Questa dicotomia dentro-fuori solo per brevi momenti trova una sua ricomposizione, memoriale e
fantasmatica, nei discorsi di qualcuno che guarda
le immagini rubate attraverso le feritoie: la lepre e
la volpe sulla neve che suggeriscono l’idea che gli
animali si parlino fra di loro (un ricordo del
sottovalutato Il segreto del bosco vecchio
[1993]?), il larice che in autunno diventa d’oro e
che, colpito da una granata, arderà come il roveto
biblico.
Duro fino alla bestemmia verso un Dio che
consente questo orrore e che sarà pure dove lo si
cerca, come afferma un soldato, ma neppure il
Papa sa dove sia, come controbatte un altro, il
cattolico Olmi termina il suo percorso nella
trincea con la lettera del giovane ufficiale alla
madre, che per intensità e commozione ricorda quella del protagonista al suo capitano in L’arpa birmana
(Biruma no tategoto, 1956). La guerra mi ha fatto diventare vecchio in un’ora, dice il ragazzo, fratello
dell’Ivan tarkovskijano persosi in un altro conflitto che verrà. Perchè, come recita in chiusura una massima
di Toni Lunardi, pastore, indimenticabile protagonista dello straordinario I recuperanti (1970), la guerra è
una brutta bestia che gira sempre e non si ferma mai.
Quasi in appendice, il regista tira poi fuori il proprio fondo anarcoide, concludendo il film con materiale
di repertorio che, dopo gli assalti alla baionetta negati dalla finzione, si sofferma su corpi e luoghi
martoriati, prosegue con i festeggiamenti della vittoria per chiudere con la desolazione di croci sghembe.
Se a De Roberto lo accomuna l’atteggiamento etico, la sua cifra stilistica, lo sappiamo bene, ha ben poco
di verista o realista che dir si voglia. Il suo è infatti un film sussurrato. L’understatement caratterizza la
recitazione di attori dal volto anonimo a esclusione di Claudio Santamaria, il commento musicale
calibratissimo ed essenziale di Paolo Fresu, la magistrale fotografia di Fabio Olmi, con il colore che
implode in un biancoenero più “morale” che suggestivo, segno di uno sguardo che rifiuta
pregiudizialmente ogni leziosità filologica. Il suo pudore espressivo, una compattezza che si esprime anche
nell’impeccabile scelta dei tempi, perfino nella stringatezza della durata di soli ottanta minuti, fanno
risaltare l’orrore per contrasto più di qualsiasi urlo, perorazione o proclama.

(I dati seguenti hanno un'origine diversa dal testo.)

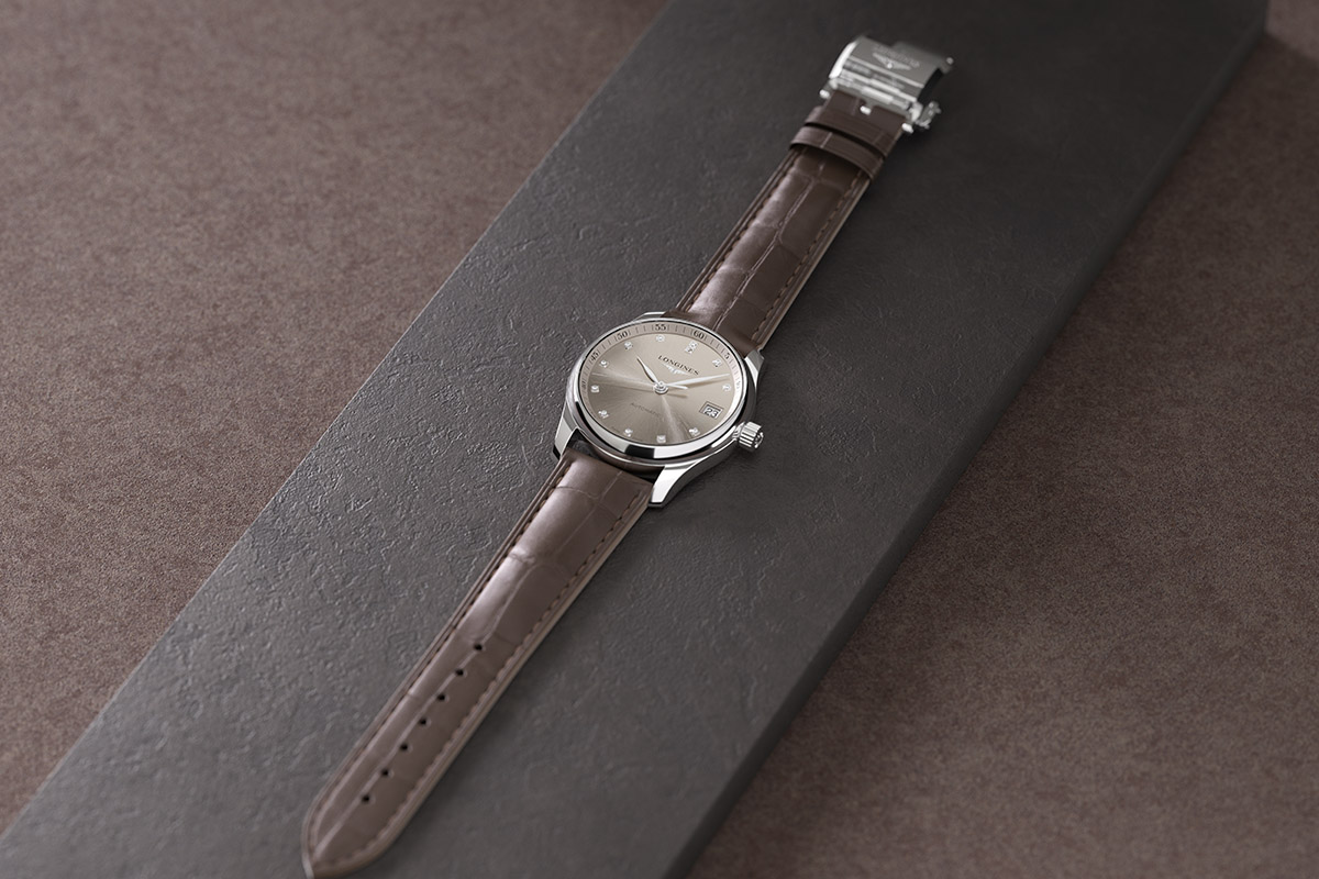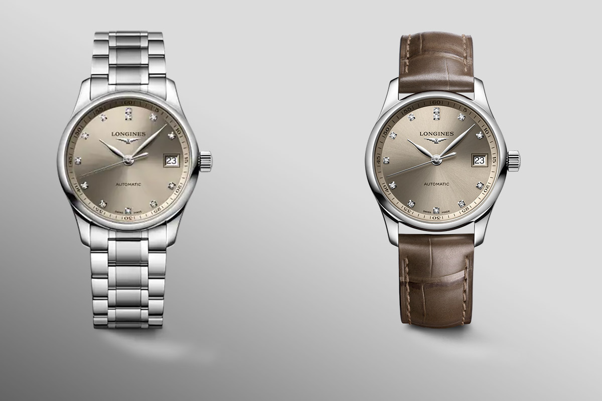 Due orologi dalle forme classiche ma con un twist contemporaneo: il quadrante che Longines chiama “color champagne”. Una tonalità particolare di beige, che sa un po’ di caffellatte un po’ di grigio sabbia, cui la lavorazione soleil dona riflessi ora più cupi ora più luminosi. Una sfumatura sofisticata e chic, inconsueta e scevra da qualsiasi implicazione modaiola, che si impreziosisce ulteriormente grazie agli indici di diamanti (doppi a ore 12). E che si abbina con identica armonia sia al cinturino in pelle color talpa nacré, sia al bel bracciale in acciaio. Il modo in cui si allaccia al polso l’orologio è del resto l’unica differenza tra i due modelli, che oltretutto hanno anche lo stesso prezzo: 2.430 euro.

Alberto Farassino sosteneva che il cinema di Olmi racconta quasi sempre la stessa cosa, cioè un
passaggio d’epoca colto attraverso i mutamenti della cultura materiale. Ci sembra che la considerazione
possa valere anche per Torneranno i prati, che dello spazio angusto di una trincea riesce a fare
microcosmo di provenienze geografiche e sociali, anime e destini, luogo e momento di svolta per un’intera
Nazione. Se con La grande guerra (1959) Monicelli riusciva – scandalosamente, per i tempi – a
contaminare l’enormità della tragedia con i modi della commedia, il regista bergamasco ne coglie l’essenza
sul piano della dignità umana ferita ma anche della dolorosa costruzione di una koiné, chiudendo più di
cinquant’anni dopo il cerchio di un dittico da consegnare alla storia della Settima arte.